> **Exercise**: Copy nothing but the lines below running from the line containing "haoyueer New Unisex" through the line containing "Masuta de cafea", both end lines included.

Data extract below:

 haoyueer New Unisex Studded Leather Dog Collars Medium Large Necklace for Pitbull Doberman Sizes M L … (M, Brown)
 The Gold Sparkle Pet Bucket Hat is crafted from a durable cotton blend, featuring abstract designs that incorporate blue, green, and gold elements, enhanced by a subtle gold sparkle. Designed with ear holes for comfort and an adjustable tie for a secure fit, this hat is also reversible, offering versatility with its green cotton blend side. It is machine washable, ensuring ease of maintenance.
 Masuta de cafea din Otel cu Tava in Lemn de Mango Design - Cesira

End of Data extract.
Data extract below:

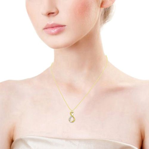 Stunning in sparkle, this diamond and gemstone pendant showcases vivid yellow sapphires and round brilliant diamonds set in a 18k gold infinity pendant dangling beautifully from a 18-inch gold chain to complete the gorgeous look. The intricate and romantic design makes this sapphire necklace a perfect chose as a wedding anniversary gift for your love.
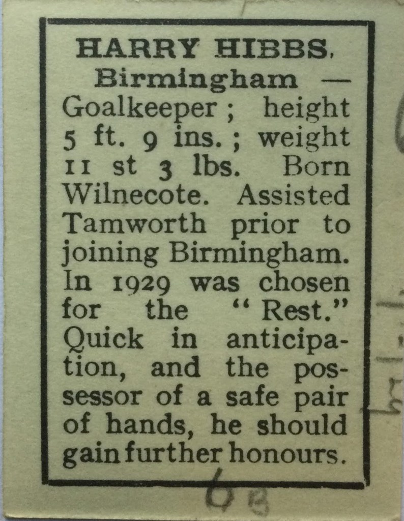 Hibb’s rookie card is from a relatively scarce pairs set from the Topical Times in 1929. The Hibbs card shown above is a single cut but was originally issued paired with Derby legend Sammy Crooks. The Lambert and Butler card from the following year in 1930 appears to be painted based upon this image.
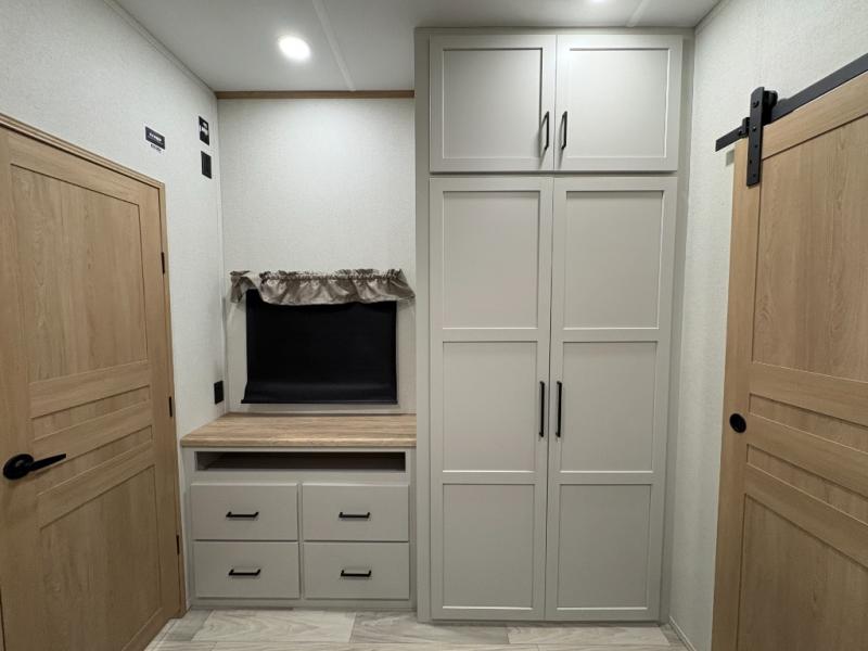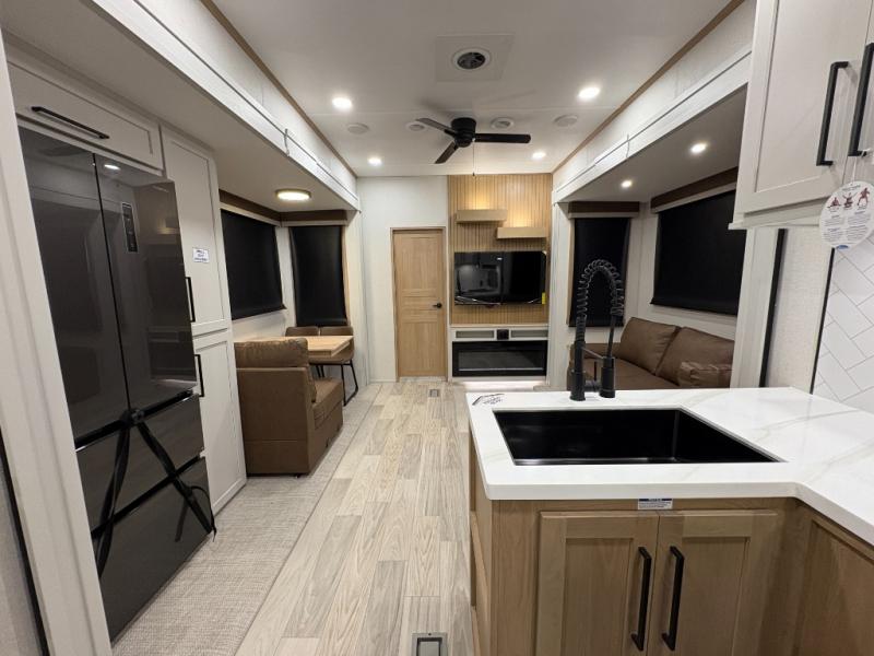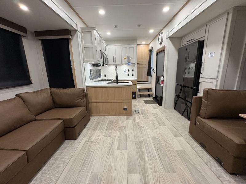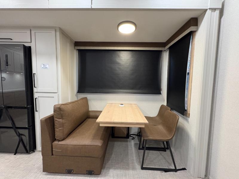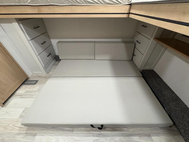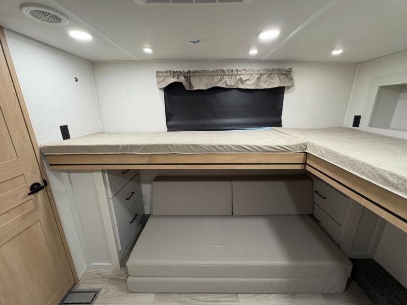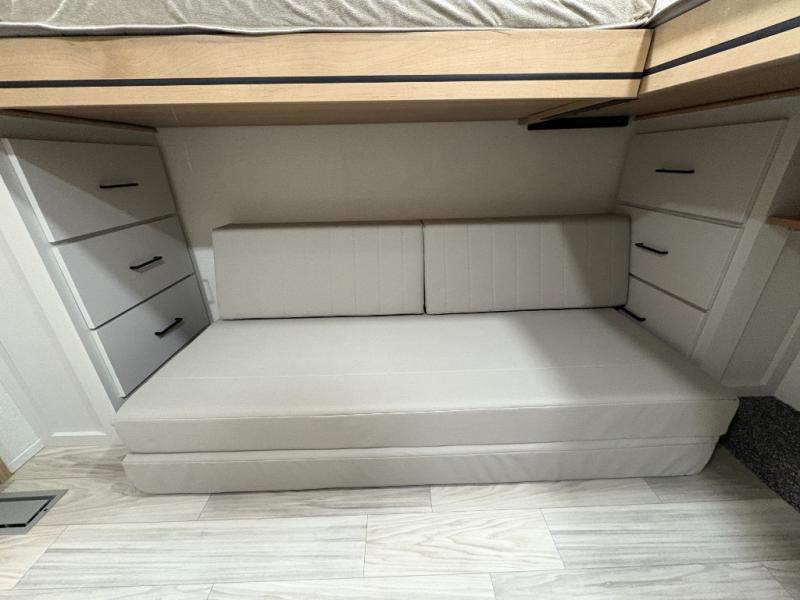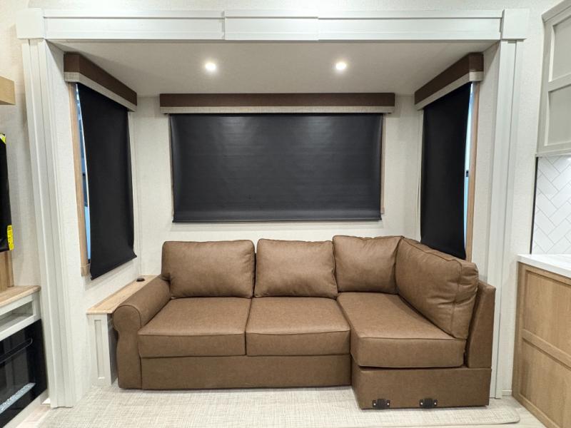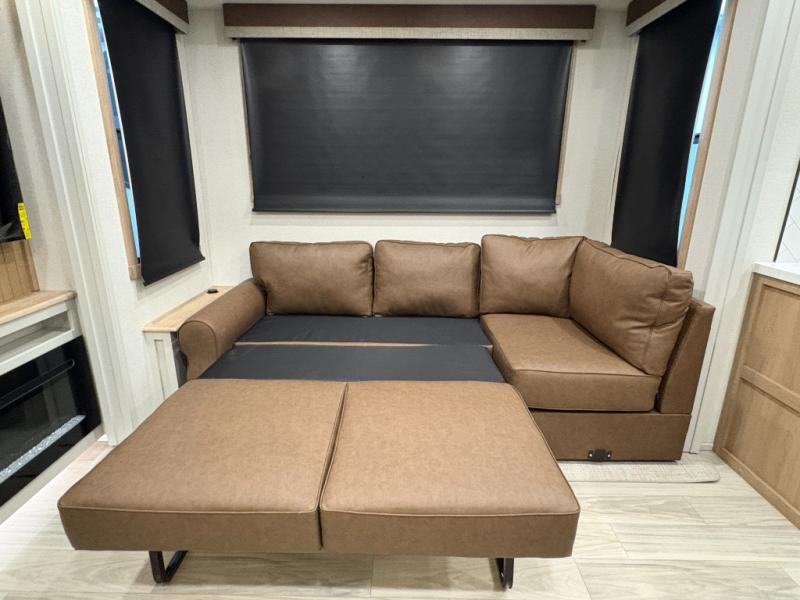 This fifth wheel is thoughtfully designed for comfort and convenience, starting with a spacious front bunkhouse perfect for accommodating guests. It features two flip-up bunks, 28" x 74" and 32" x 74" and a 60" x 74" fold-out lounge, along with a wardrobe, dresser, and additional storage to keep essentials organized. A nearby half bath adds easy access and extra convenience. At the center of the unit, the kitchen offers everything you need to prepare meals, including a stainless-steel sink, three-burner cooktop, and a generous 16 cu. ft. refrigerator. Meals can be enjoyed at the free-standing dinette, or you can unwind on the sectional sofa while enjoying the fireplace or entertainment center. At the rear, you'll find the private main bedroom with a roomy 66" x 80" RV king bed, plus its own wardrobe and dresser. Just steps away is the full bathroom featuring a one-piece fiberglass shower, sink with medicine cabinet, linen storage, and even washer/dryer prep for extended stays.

End of Data extract.
Data extract below:

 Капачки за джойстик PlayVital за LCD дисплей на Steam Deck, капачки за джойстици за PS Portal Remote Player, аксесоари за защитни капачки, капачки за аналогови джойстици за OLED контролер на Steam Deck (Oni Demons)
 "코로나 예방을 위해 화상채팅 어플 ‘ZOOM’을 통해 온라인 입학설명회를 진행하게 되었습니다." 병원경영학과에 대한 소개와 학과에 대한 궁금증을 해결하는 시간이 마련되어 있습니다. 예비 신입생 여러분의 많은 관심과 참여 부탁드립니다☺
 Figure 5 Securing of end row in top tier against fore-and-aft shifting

End of Data extract.

> **Exercise response**:
 haoyueer New Unisex Studded Leather Dog Collars Medium Large Necklace for Pitbull Doberman Sizes M L … (M, Brown)
 The Gold Sparkle Pet Bucket Hat is crafted from a durable cotton blend, featuring abstract designs that incorporate blue, green, and gold elements, enhanced by a subtle gold sparkle. Designed with ear holes for comfort and an adjustable tie for a secure fit, this hat is also reversible, offering versatility with its green cotton blend side. It is machine washable, ensuring ease of maintenance.
 Masuta de cafea din Otel cu Tava in Lemn de Mango Design - Cesira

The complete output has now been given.